Tuesday, January 26, 2016

I love to steal awhile away
  From every cumbering care,
And spend the hours of setting day
  In humble, grateful prayer.

I love in solitude to shed
  The penitential tear,
And all His promises to plead
  Where none but God can hear.

I love to think on mercies past,
  And future good implore,
And all my cares and sorrows cast
  On Him whom I adore.

I love by faith to take a view
  Of brighter scenes in heaven;
The prospect doth my strength renew
  While here by tempests driven.

Thus, when life’s toilsome day is o’er,
  May its departing ray
Be calm as this impressive hour,
  And lead to endless day.  Amen


            Phoebe H. Brown, altered


Evening, and morning, and at noon, will I pray, and cry aloud: and he shall hear my voice.  Ps 55:17

     Mrs. Phoebe Hinsdale Brown was the daughter of George Hinsdale, and was born at Canaan, NY, May 1, 1783.  In reply to a question addressed to her by Rev.
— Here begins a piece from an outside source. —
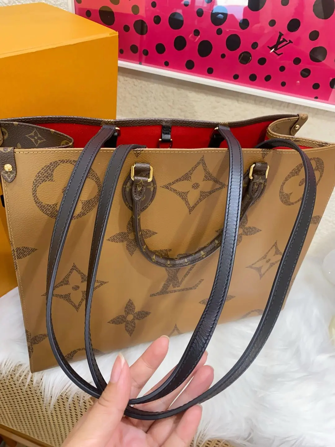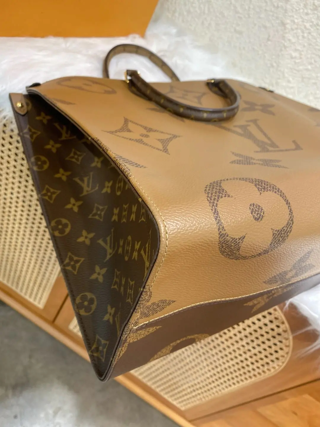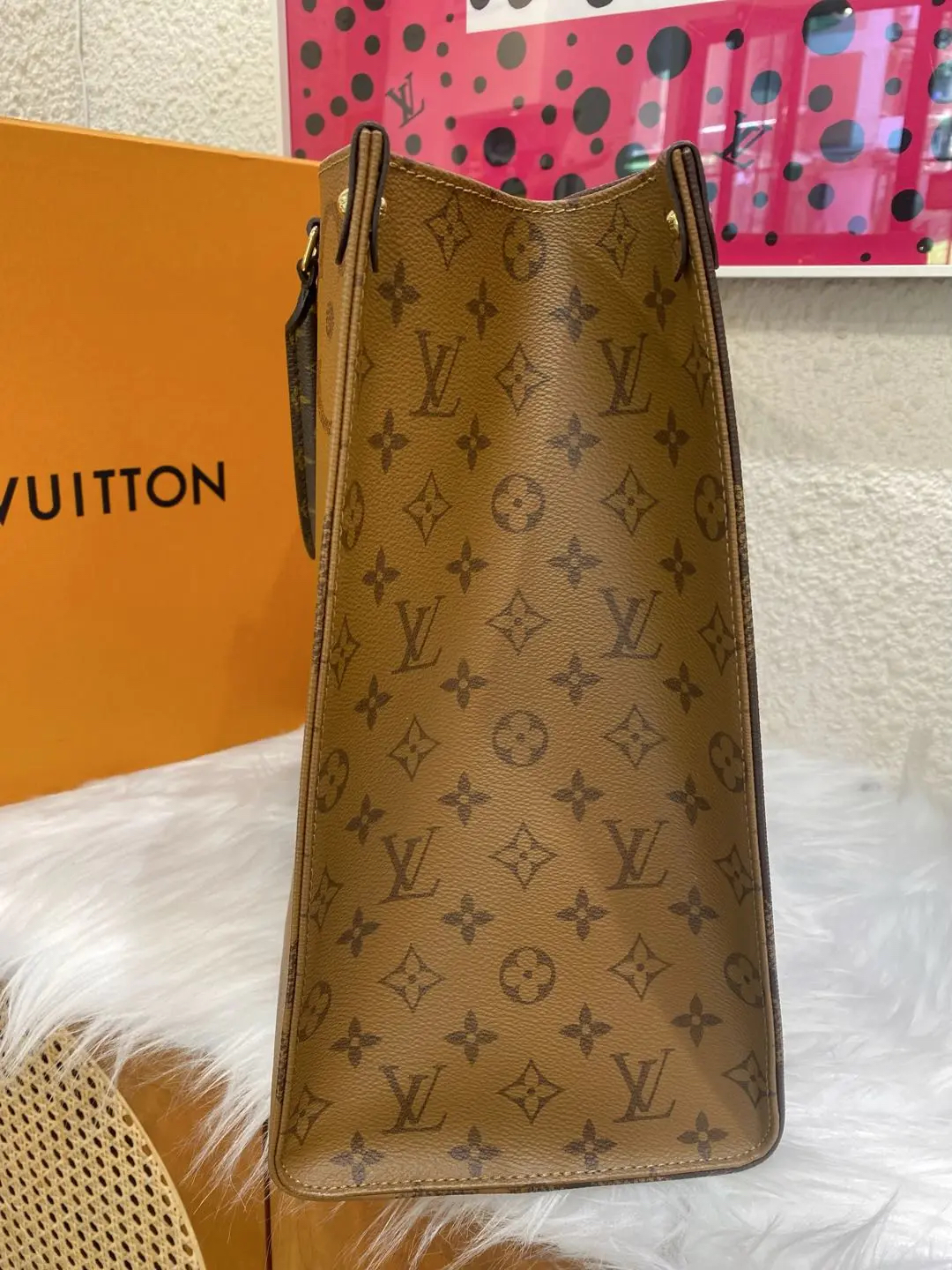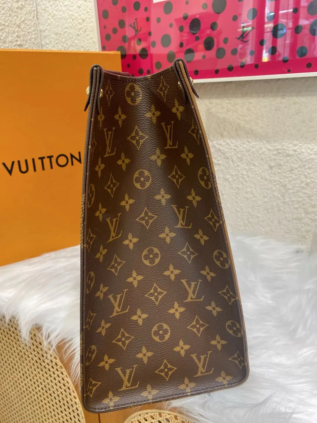 【商品详情】正品二手 Lv on the go 大号 老花拼色 托特包🥂 98新 42×34 全套配件:票 防尘袋 盒子。通勤必备

Elias Nason, she answered:  "As to my history, it is soon told:  a sinner saved by grace and sanctified by trials."
     An orphan at two years of age, she came upon the world in a somewhat poverty-stricken plight, and had to meet its rough ways as best she could.  She did not learn to read until she was eighteen years old, and it is recorded that she never had more than three months' schooling in the whole of her life.  Timothy H. Brown, a house-painter, married the affectionate and faithful creature, and she went to live in Ellington, Tolland County, Conn. 
     She was poetic by temperament, dreamy, a lover of nature, and deeply religious.  Her life was hard, her children were fretful, neighbors could not understand her when she went away into an adjacent grove to be by herself and pray, gossips gave other reasons.  Then she somehow composed a poem in nine simple stanzas, entitling it "An Apology for my Twilight Rambles, Addressed to a Lady."  This bears date of Ellington, August, 1818.  This hymn, as it now generally appears, was published in Village Hymns, compiled by Nettleton.
     She afterward told a friend that the piece was kept in a portfolio for a long time, and probably Rev. Lavius Hyde got hold of it and so it came to Mr. Nettleton, who afterward applied to her for some few more of the same sort.  She furnished two or three, but they were less valuable than the first one, and needed modification.  She once wrote that when her spot among the trees was broken up she often "thought Satan had tried his best to prevent her from prayer by depriving her of a place to pray."  Whether this was true or not, her later poems did not fulfill the promise of this hymn by which she is best known.                    
                                                                                          CHARLES SEYMOUR ROBINSON, D.D.